Jen Williams previous series, the Copper Cat Trilogy, quite rightly received buckets and buckets of praise. Williams had created not only interesting characters but also a novel and interesting world which handled fantasy tropes in a most interesting way. Her new book, The Ninth Rain, marks the start of not only a new story, but a completely new world. Could it be as good as The Copper Promise and her other previous books? Has the author done it again?

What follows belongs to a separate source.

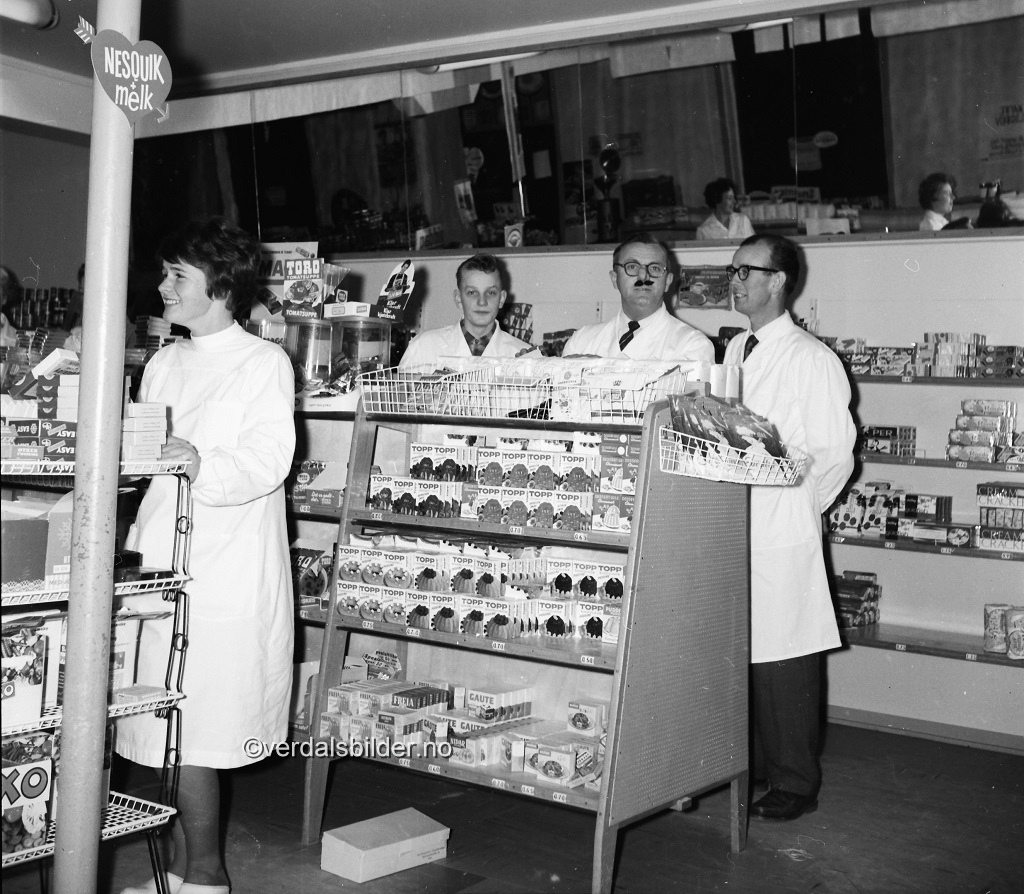Betjening på "gammelkolonialen" til Verdal Samvirkelag i Sørgata i 1962. -- Foto av Henning Anderson. Utlånt av SNK. Har du korrigeringer, nye navn eller en kommentar? Ring eller send sms til 472 97 311 eller 456 00 950 Det beste er å sende en E-post til: post@verdalsbilder.no Tips noen om dette bildet : Klikk her Forstørre bildet Bruk ctrl-knapp + musehjul oppover for å forstørre bildet. Bruk ctrl-knapp + musehjul nedover for å forminske bildet Du kan også bruke "ctrl-knapp" samtidig med "+" og "-" på det numeriske tastaturet. "Ctrl" og "*" (eller null) tilbakestiller størrelsen | ||||

In short,yes, absolutely. The Ninth Rain is easily William’s best work so far, as the writer has a strong, clear and confident style that makes for compulsive reading. The world is also more intricate and more involved this time round. The book introduces at first to a charming pair of adventurers. Lady Vincenza ‘Vintage’ de Grazon is a wealthy and very experienced lady who has made it her life’s work to uncover the mysteries of the world. She’s aided by the pale and interesting Tormalin the Oathless, who belongs to a once proud race of near immortal beings who due to tragic events now occasionally needs the odd bit of human blood to live.

The world itself is scarred from various invasions by creatures known as the Jure’lia. These monsters come down from the skies to cause havoc and death in great events called ‘Rains’. They are horrific, insect like fiends that hollow out humans and turn them into murderous drones. Fortunately they’ve not been about for some time, but they’ve left a great many artefacts and dotted around the world.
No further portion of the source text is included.